Hi. Thanks for working n this!
CC: ovs-dev
> Not submitting as a formal
> patch because I would like some feedback on whether 1) maintainers feel
> this is worth fixing and
I can reproduce the crash with your test. Basically, actions in userspace
datapath may drop packets if something goes wrong. 'meter' action just
seems to be the most explicit variant.
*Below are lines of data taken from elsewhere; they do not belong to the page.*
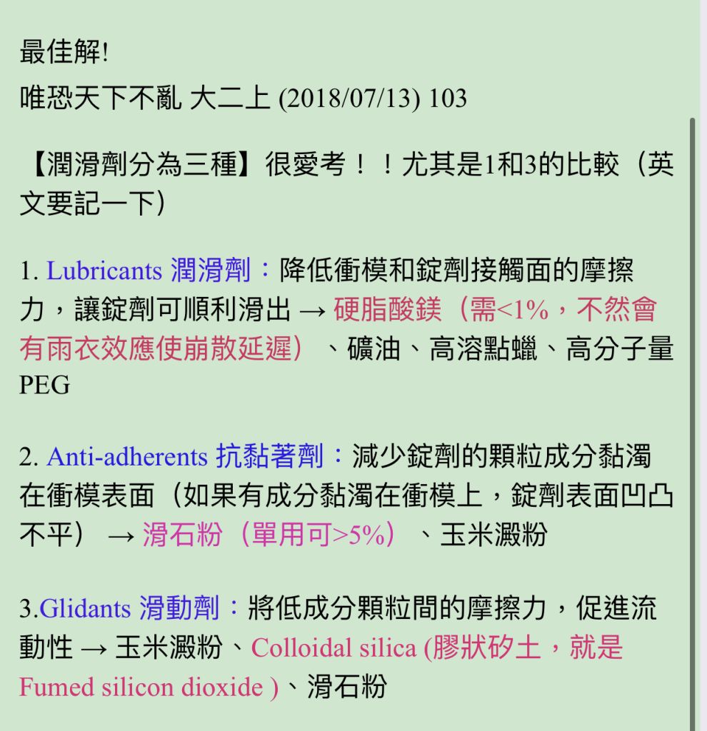 順帶一提,果仁大的glidant舉例中,其實talc不該被歸為此類,glidant在國考中出現過的是 膠性矽土(fumed-silicon)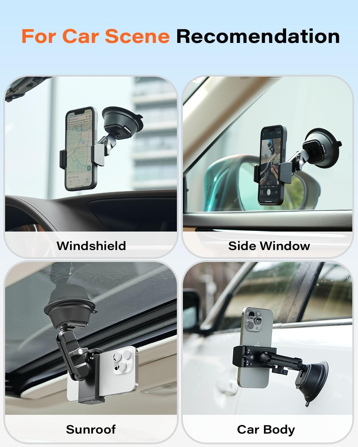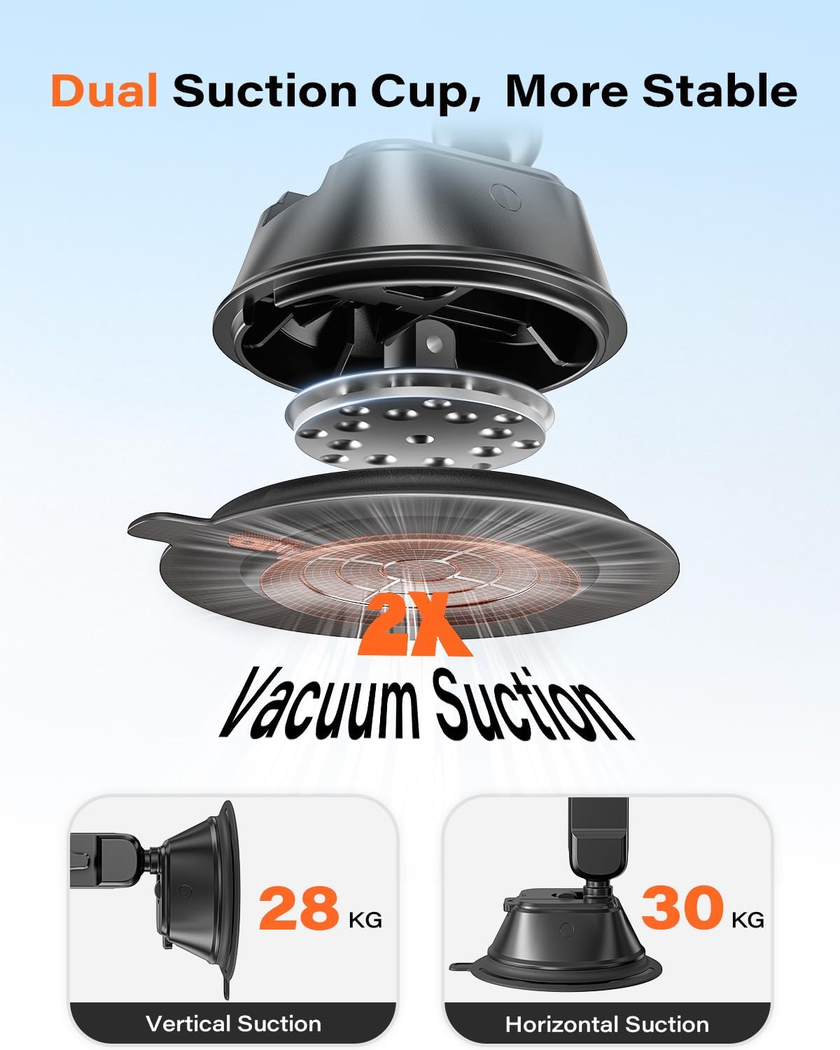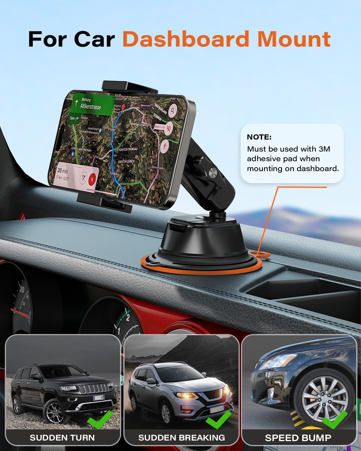 Ultra-Strong Suction Cup Mount: Experience unparalleled stability with our car phone mount's revolutionary dual-layer suction cup, boasting an incredible 30kg pulling force. It absorb firmly to windshields or glass surfaces without leaving residue. For dashboard installation, just use with the included 3M VHB tape. This suction phone mount offers a reliable mounting solutions for a rock-solid grip on bumpy roads.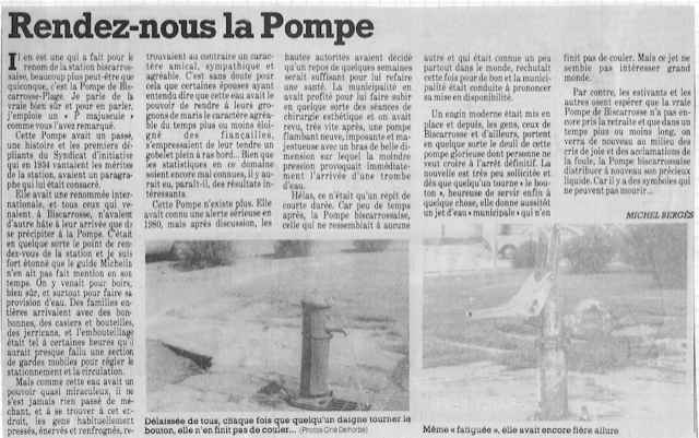 Un engin moderne était mis en place et depuis, les gens, ceux de Biscarrosse et d’ailleurs, portent en quelque sorte le deuil de cette pompe glorieuse dont personne ne veut croire à l’arrêt définitif. La nouvelle est très peu sollicitée et dès que quelqu’un tourne « le bouton », heureuse de servir enfin à quelque chose, elle donne aussitôt un jet d’eau « municipale » qui n’en finit pas de couler. Mais ce jet ne semble pas intéresser grand monde.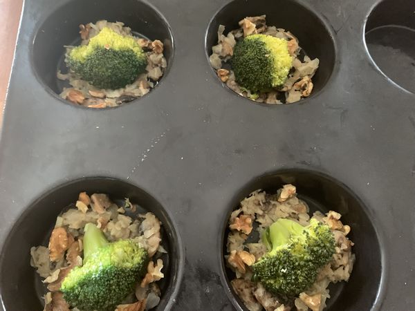 2. Disposer les légumes cuits au fond de vos empreintes, ajouter une fleurette de brocoli par empreinte.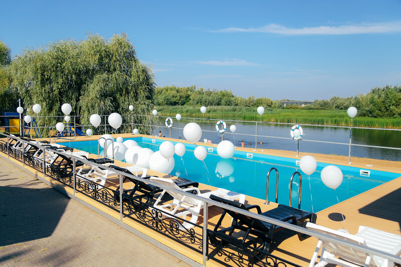 На территории базы вы найдёте открытый бассейн, баню с просторной верандой и мангальной зоной вместимостью до 10 гостей, закрытую кондиционированную беседку с зоной барбекю и кухней, 4 открытых беседки вдоль набережной, спортивную площадку с сеткой, банкетный зал, шале, теннисный корт и многое другое!
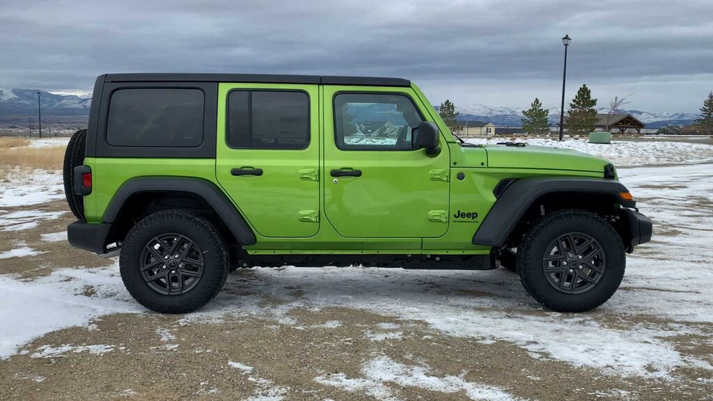 8-SPEED AUTOMATIC 850RE TRANSMISSION Adaptive Cruise Control w/Stop, Anti-Lock 4-Wheel Disc Brakes, Integrated Radar Camera Module (IRCM), Dana M200 Rear Axle, Selec-Speed Control, QUICK ORDER PACKAGE 22S SPORT S 2.0L I4 DOHC DI Turbo Engine w/ESS, 8-Speed Automatic 850RE Transmission, Advanced Brake Assist, Power Heated Mirrors, Enhanced Adaptive Cruise Control, Automatic Headlamps, Corning Gorilla Glass, Premium Wrapped Steering Wheel, Security Alarm, Sun Visors w/Illuminated Vanity Mirrors, Full Speed Forward Collision Warning Plus, BLACK 3-PIECE HARD TOP Freedom Panel Storage Bag, Rear Window Defroster, Rear Window Wiper/Washer, CONVENIENCE GROUP Emergency/Assistance Call, 2-Door Passive Entry, Front Door Locks, Cluster 7.0 TFT Color Display, Universal Garage Door Opener, Heated Front Seats, Air Conditioning w/Auto Temp Control, Heated Steering Wheel, Air Filtering, TRAILER TOW & AUX SWITCH GROUP Class II Receiver Hitch, 7 & 4 Pin Wiring Harness, Auxiliary Switches, 2.0L I4 DOHC DI TURBO ENGINE W/ESS. Jeep Sport S with Mojito Clearcoat exterior and Black interior features a 4 Cylinder Engine with 270 HP at 5250 RPM*.

So, I think, this is definitely
worth fixing as some other condition might trigger this crash on packet-out
as well.
==2568112==ERROR: AddressSanitizer: heap-use-after-free
on address 0x61600000699c at pc 0x000000573860 bp 0x7ffebc6cc880 sp 0x7ffebc6cc878
READ of size 1 at 0x61600000699c thread T0
#0 0x57385f in dp_packet_delete lib/dp-packet.h:242:16
#1 0x57372c in ofproto_packet_out_uninit ofproto/ofproto.c:3562:5
#2 0x585e77 in handle_packet_out ofproto/ofproto.c:3722:5
#3 0x583801 in handle_single_part_openflow ofproto/ofproto.c:8499:16
#4 0x570c9c in handle_openflow ofproto/ofproto.c:8686:21
#5 0x611781 in ofconn_run ofproto/connmgr.c:1329:13
#6 0x6112ed in connmgr_run ofproto/connmgr.c:356:9
#7 0x56fdf4 in ofproto_run ofproto/ofproto.c:1891:5
#8 0x545ec0 in bridge_run__ vswitchd/bridge.c:3251:9
#9 0x5456a5 in bridge_run vswitchd/bridge.c:3310:5
#10 0x55f5b1 in main vswitchd/ovs-vswitchd.c:127:9
#11 0x7f85bfe09081 in __libc_start_main (/lib64/libc.so.6+0x27081)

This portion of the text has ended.